Supplied information:

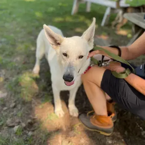 Brandi is a lovely girl. She arrived with wounds on her shoulders and underweight. Her foster family worked hard to get Brandi healed and healthy. Although we do not know anything about Brandi's past, it does appear that she was mishandled at some point. As a result, she can be timid and fearful with new people, particularly with men. A slow approach and some tasty treats go a long way with Brandi. She does warm up with a calm, confident, and patient handler. Brandi is looking for a forever family that will give her the opportunity to slowly adjust to the household. Providing Brandi with clear structure, routine, and guidance will be key to her success. When ready, Brandi will benefit greatly from training. Training will help Brandi build a strong, healthy bond with her forever family; it will also help her develop the stability and confidence needed to navigate her world. While living with her foster family in the south, Brandi did begin to develop her socialization skills. She also has learned the joys of living in a safe and loving home. At this time Brandi is housebroken and crate trained. However, she will likely need to fine tune her skills once she finds her forever home.
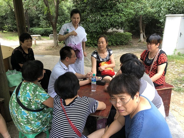 胡齐鸣书记深入社区居民家中,为其进行测血压、血糖等志愿服务;仔细询问居民的身体状况,并耐心细致回答居民关注的疾病用药问题,通过望闻问切给居民们讲授中医调理血糖的方法。
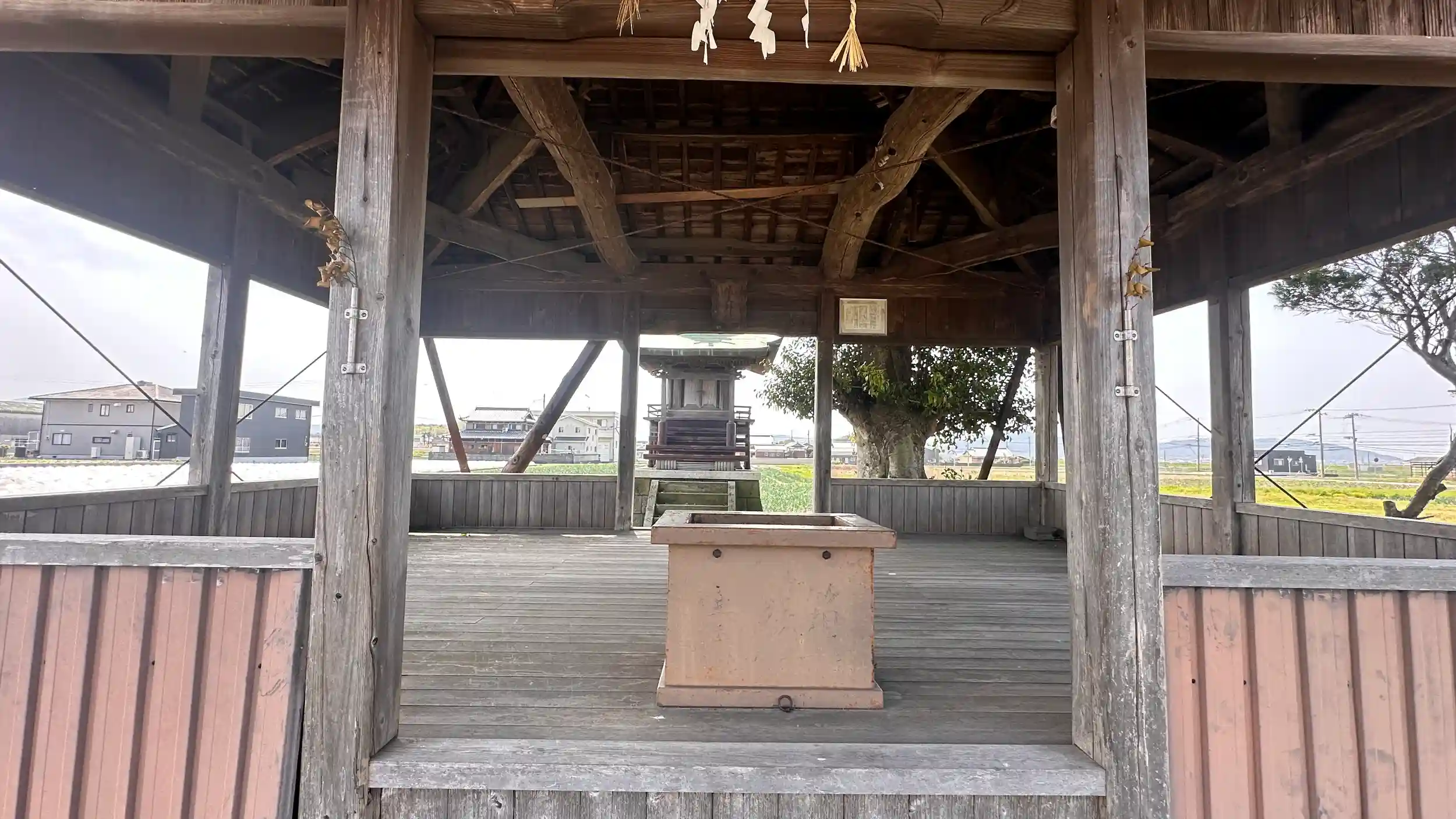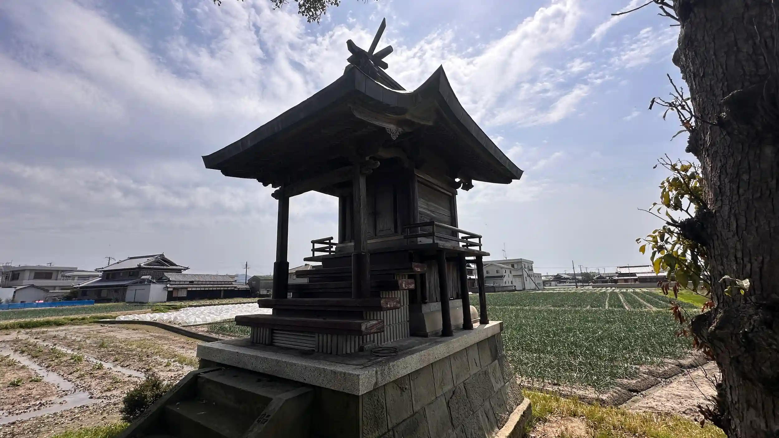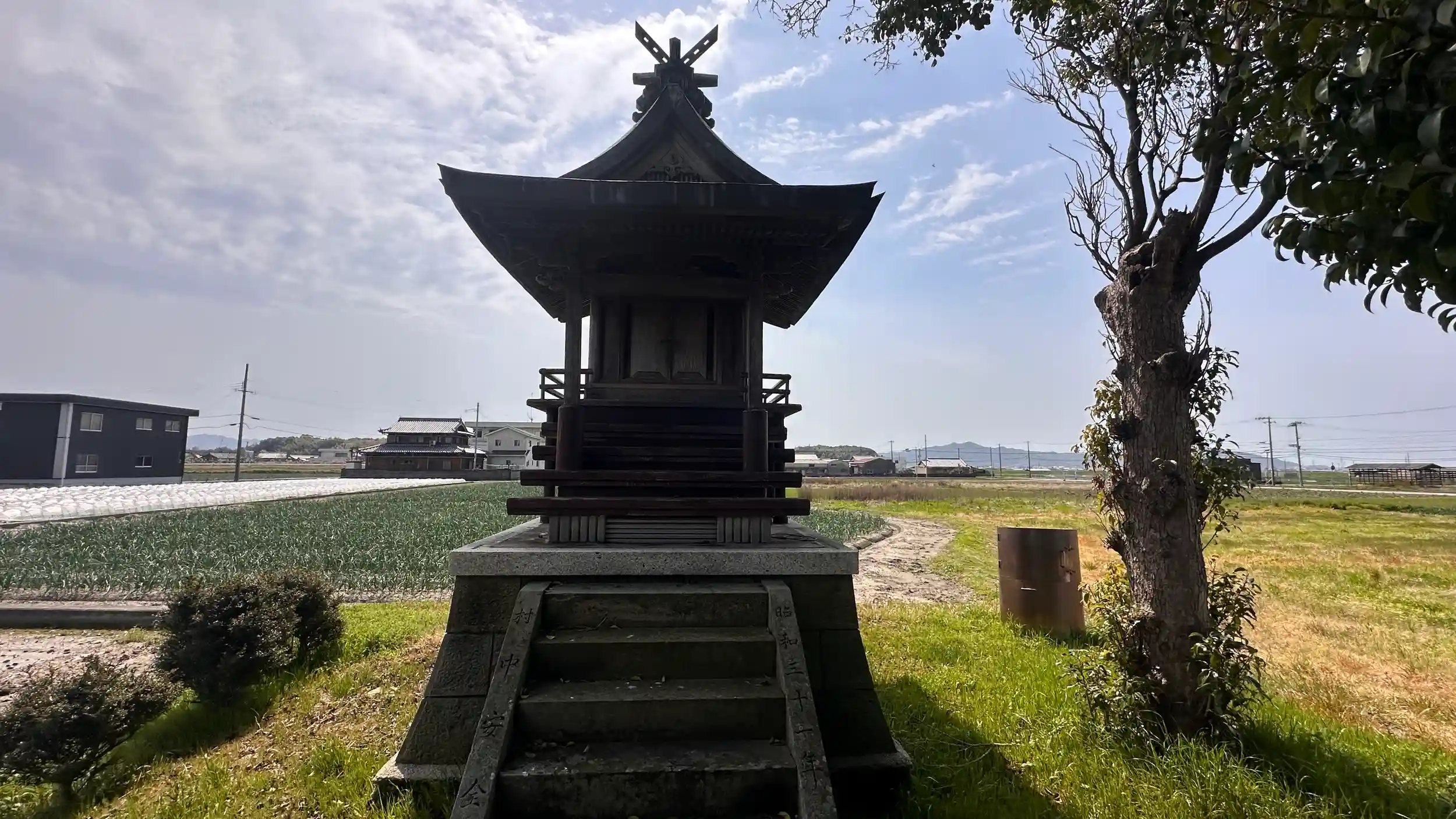 畑の真ん中に鎮座されています。小さいけれど歴史のある神社です。この地域は大和朝廷より日本古代の織物、倭文織を重宝されていました。

What you are asked to do:
What you return must match the material above exactly, apart from its pictures.

Solution to this exercise:
 Brandi is a lovely girl. She arrived with wounds on her shoulders and underweight. Her foster family worked hard to get Brandi healed and healthy. Although we do not know anything about Brandi's past, it does appear that she was mishandled at some point. As a result, she can be timid and fearful with new people, particularly with men. A slow approach and some tasty treats go a long way with Brandi. She does warm up with a calm, confident, and patient handler. Brandi is looking for a forever family that will give her the opportunity to slowly adjust to the household. Providing Brandi with clear structure, routine, and guidance will be key to her success. When ready, Brandi will benefit greatly from training. Training will help Brandi build a strong, healthy bond with her forever family; it will also help her develop the stability and confidence needed to navigate her world. While living with her foster family in the south, Brandi did begin to develop her socialization skills. She also has learned the joys of living in a safe and loving home. At this time Brandi is housebroken and crate trained. However, she will likely need to fine tune her skills once she finds her forever home.
 胡齐鸣书记深入社区居民家中,为其进行测血压、血糖等志愿服务;仔细询问居民的身体状况,并耐心细致回答居民关注的疾病用药问题,通过望闻问切给居民们讲授中医调理血糖的方法。
 畑の真ん中に鎮座されています。小さいけれど歴史のある神社です。この地域は大和朝廷より日本古代の織物、倭文織を重宝されていました。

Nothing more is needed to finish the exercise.